• Work order
With pictures left out, copy exactly every line from the one containing "US President Donald" through the end of the material.

• Collected data
..............................

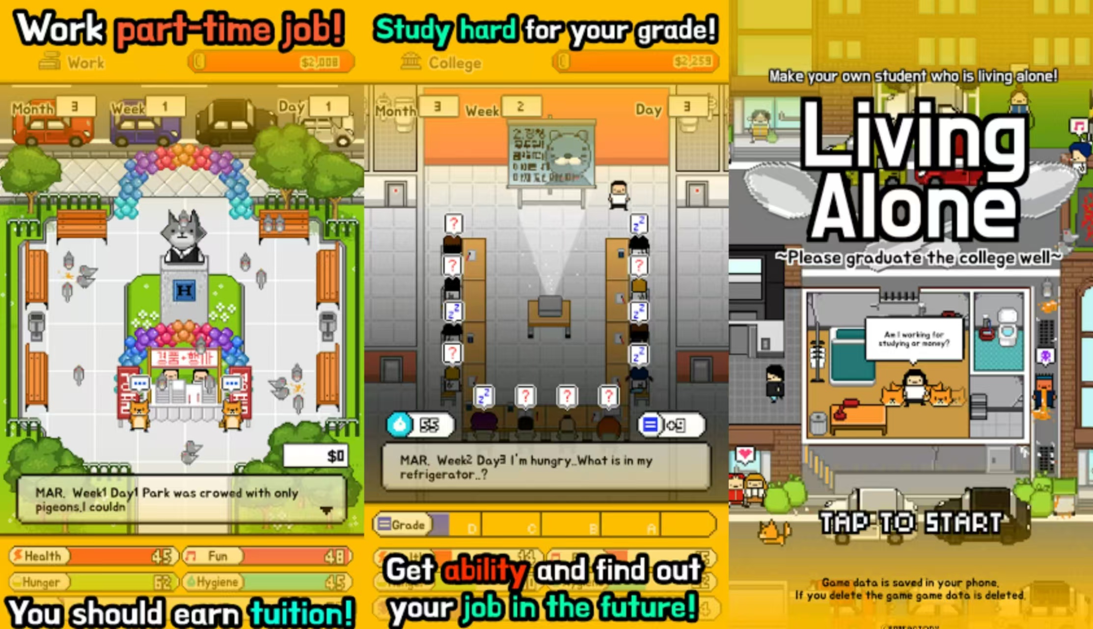 《独居》在游戏里面玩家扮演的是一位普通的大学生,在经过毕业之后一个人在社会上闯荡的情节,拥有着一份非常忙碌且稳定的工作,需要在游戏中通过自己的努力买房买车,还有很多生活中的琐事,模拟了一个真实的生活状态。角色拥有着健康,饥饿值等情况,玩家也需要通过任务来保持良好的心情,在游戏中赚取更多的钱来提升居住的环境。
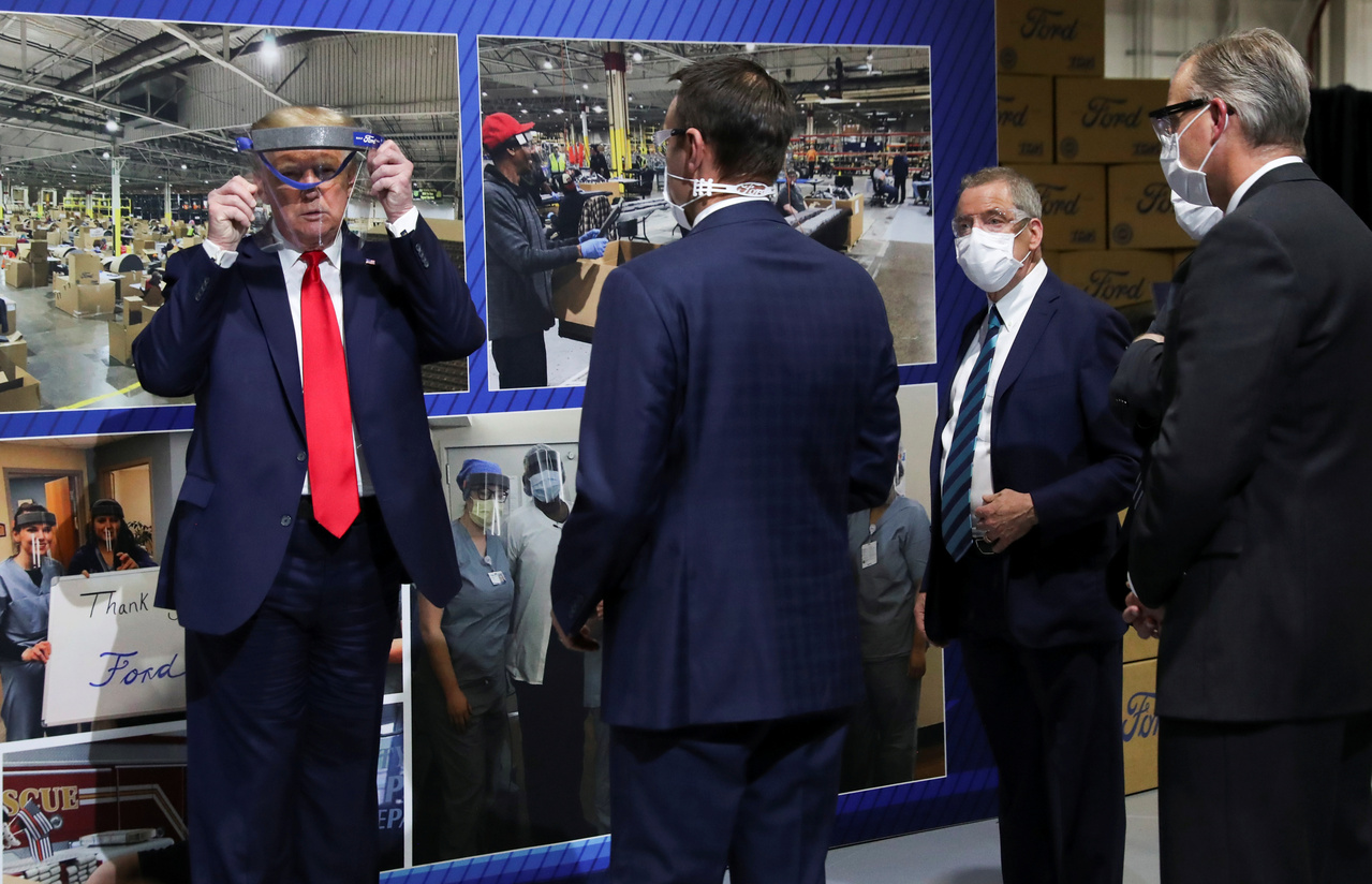 US President Donald Trump during a tour of a medical supplies plant in Ypsilanti, Michigan, on May 21, 2020.
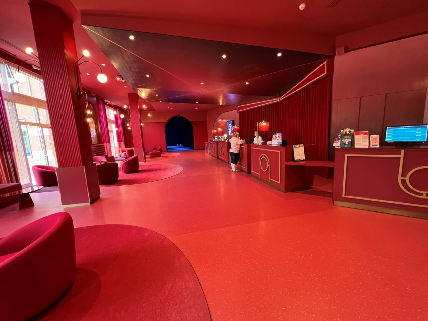 On arrival at the hotel you are presented with a bright red revolving door which transports you from the outside world to the beautiful red reception area. This feels like a reference to the classic red big top circus tents and it looks breathtaking and feels spacious and luxurious. Older guests may suspect they are in the Twin Peaks Black Lodge but maybe this is me? Check in is a simple process and reception staff are welcoming and helpful. Details include a white rabbit lamp and a portrait of a magician/ringmaster hangs alongside the reception, you will be forgiven for thinking he has winked or smiled at you because he does… come alive. Clearly inspired by the paintings in Hogwarts the picture moves and it really starts to sell what’s in store at the Magic Circus.
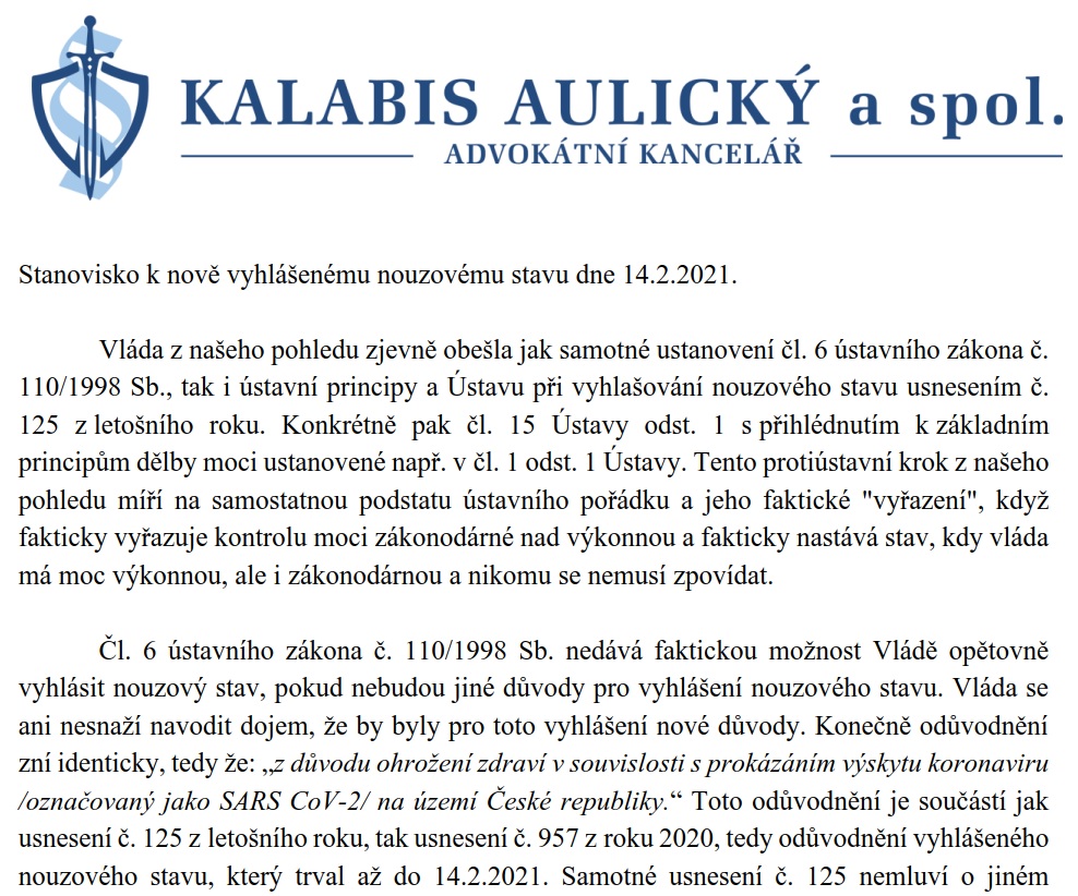 Stanovisko advokátní kanceláře Kalabis Aulický a spol. k nově vyhlášenému nouzovému stavu dne 14.2.2021.

..............................

• Exercise output
 US President Donald Trump during a tour of a medical supplies plant in Ypsilanti, Michigan, on May 21, 2020.
 On arrival at the hotel you are presented with a bright red revolving door which transports you from the outside world to the beautiful red reception area. This feels like a reference to the classic red big top circus tents and it looks breathtaking and feels spacious and luxurious. Older guests may suspect they are in the Twin Peaks Black Lodge but maybe this is me? Check in is a simple process and reception staff are welcoming and helpful. Details include a white rabbit lamp and a portrait of a magician/ringmaster hangs alongside the reception, you will be forgiven for thinking he has winked or smiled at you because he does… come alive. Clearly inspired by the paintings in Hogwarts the picture moves and it really starts to sell what’s in store at the Magic Circus.
 Stanovisko advokátní kanceláře Kalabis Aulický a spol. k nově vyhlášenému nouzovému stavu dne 14.2.2021.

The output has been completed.